Segregating Sound PDF Author: Karl Hagstrom Miller
Publisher: Duke University Press
ISBN: 0822392704
Category : Music
Languages : en
Pages : 386

Book Description
In Segregating Sound, Karl Hagstrom Miller argues that the categories that we have inherited to think and talk about southern music bear little relation to the ways that southerners long played and heard music. Focusing on the late nineteenth century and the early twentieth, Miller chronicles how southern music—a fluid complex of sounds and styles in practice—was reduced to a series of distinct genres linked to particular racial and ethnic identities.

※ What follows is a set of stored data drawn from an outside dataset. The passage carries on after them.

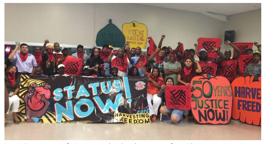
Image C2.4 A group of migrant agricultural workers petition for residency status in 2016.

highlighted these inequities that were previously easily overlooked, while also underscoring the crucial role that temporary migrant agricultural workers play in ensuring food security. It is the duty of local, national, and global authorities (the International Labor Organization (ILO), the International Organization of Migration, and the Office of the UN High Commissioner on Human Rights) to address major flaws in the structure and implementation of the Temporary Foreign Worker Programs around the world and to finally break a cycle of perpetuating injury, inequity, and exploitation (Landry et al. 2021).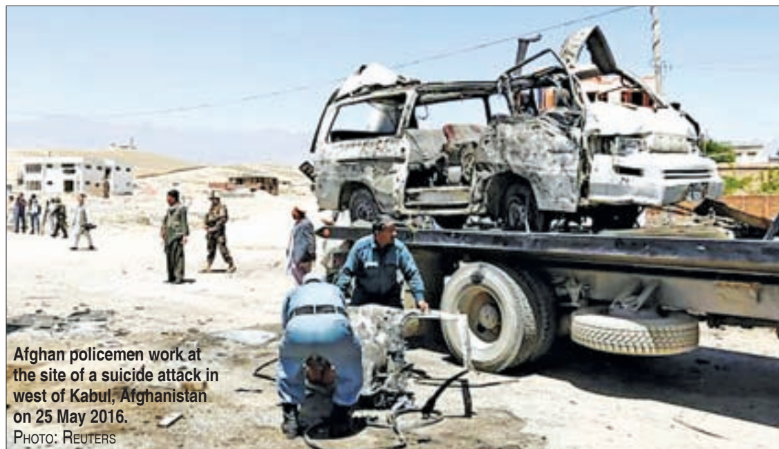
Afghan policemen work at the site of a suicide attack in west of Kabul, Afghanistan on 25 May 2016.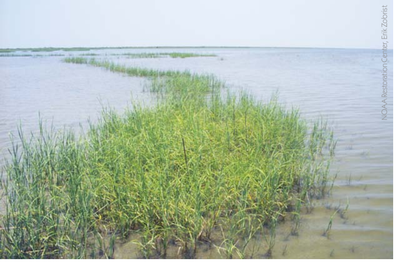
Versatile, hardy and fast-growing, smooth cordgrass is a popular choice for holding soil and stabilizing land. The Chandeleur Islands Restoration Project, shown here, planted smooth cordgrass to stabilize more than four miles of barrier island shoreline.

Because the ecosystem of Louisiana's marshes is so destabilized, plants need help to save the wetlands. Many projects funded by the Coastal Wetlands Planning, Protection and Restoration Act (commonly known as the Breaux Act) involve engineering, such as designing water control structures to regulate tidal flow, stabilizing shorelines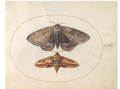
Blue Underwing Moth and Spurge Hawk Moth (plate 25)

Rotation 4: September 22–November 2, 2025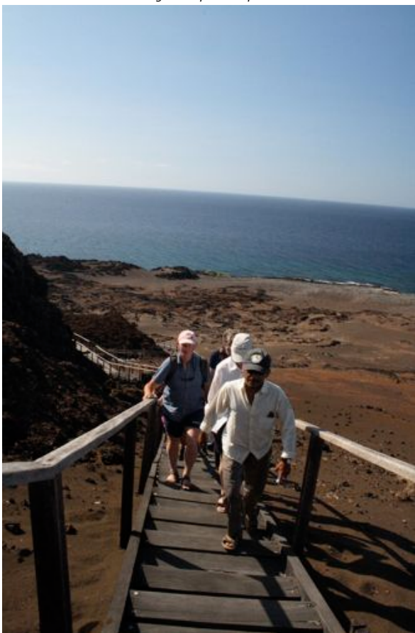
Walking up Bartolomé island

Continue to Kicker Rock, a magnificent rock formation rising 120m from the sea with a split with towering vertical walls on either side. The cliffs are home to frigate birds, blue-footed and masked boobies. (b,l,d)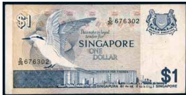
4024* Singapore , one dollar, undated (1976), D/26 676302 no signature or red seal (P.9); another identical, D/69 585928 no red seal beside signature (P.9). Nearly very fine; very fine. (2)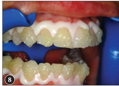
Figure 8: A 35% hydrogen peroxide teeth whitening gel (Rembrandt Lightning Plus, Denmat Corporation, Santa Maria, Calif.) is applied to the freshly etched teeth in 1-mm-thick increments. This gel has a potassium nitrate desensitizer to help eliminate sensitivity.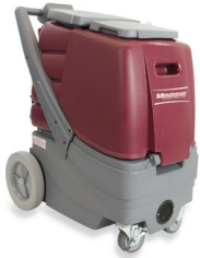
Rush Series Extractor Box extractors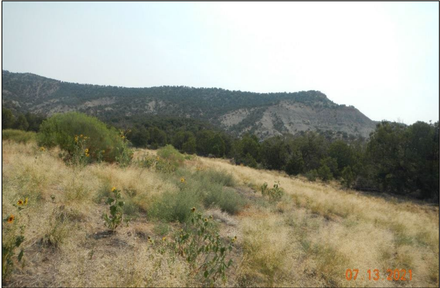
Photo 3. View the southern project area from the southwestern corner facing eastward.

The blues were African American. Rural white southerners played country music. By the 1920s, these depictions were touted in folk song collections and the catalogs of “race” and “hillbilly” records produced by the phonograph industry. Such links among race, region, and music were new. Black and white artists alike had played not only blues, ballads, ragtime, and string band music, but also nationally popular sentimental ballads, minstrel songs, Tin Pan Alley tunes, and Broadway hits. In a cultural history filled with musicians, listeners, scholars, and business people, Miller describes how folklore studies and the music industry helped to create a “musical color line,” a cultural parallel to the physical color line that came to define the Jim Crow South. Segregated sound emerged slowly through the interactions of southern and northern musicians, record companies that sought to penetrate new markets across the South and the globe, and academic folklorists who attempted to tap southern music for evidence about the history of human civilization. Contending that people’s musical worlds were defined less by who they were than by the music that they heard, Miller challenges assumptions about the relation of race, music, and the market.

Pop Music, U.s.a.

Pop Music, U.s.a. PDF Author: Simon V. Anderson
Publisher: CreateSpace
ISBN: 9781500778927
Category : Music
Languages : en
Pages : 386

Book Description
Pop Music, U.S.A. is designed to be used in a college-level general music class. It covers popular music in America from pre-Revolutionary War times through the present (2014).

Precious and Few

Precious and Few PDF Author: Don Breithaupt
Publisher: St. Martin's Griffin
ISBN: 1466876492
Category : Music
Languages : en
Pages : 216

Book Description
Precious and Few is a lively and nostalgic look back at the forgotten era of pop that gave us "Hooked on a Feeling", "Dancing in the Moonlight", "I Am Woman", "Seasons in the Sun", and more. The early 1970s brought a "Convoy" of popular rock music--everything from cheesy to the classic. The authors of Precious and Few, Don Breithaupt and Jeff Breithaupt, true-blue '70s fanatics, have put together this irresistibly readable book to transport readers back to a time when people wore smiley-face buttons, went to singles bars, and heartily sang along with Mac Davis. Illustrations throughout.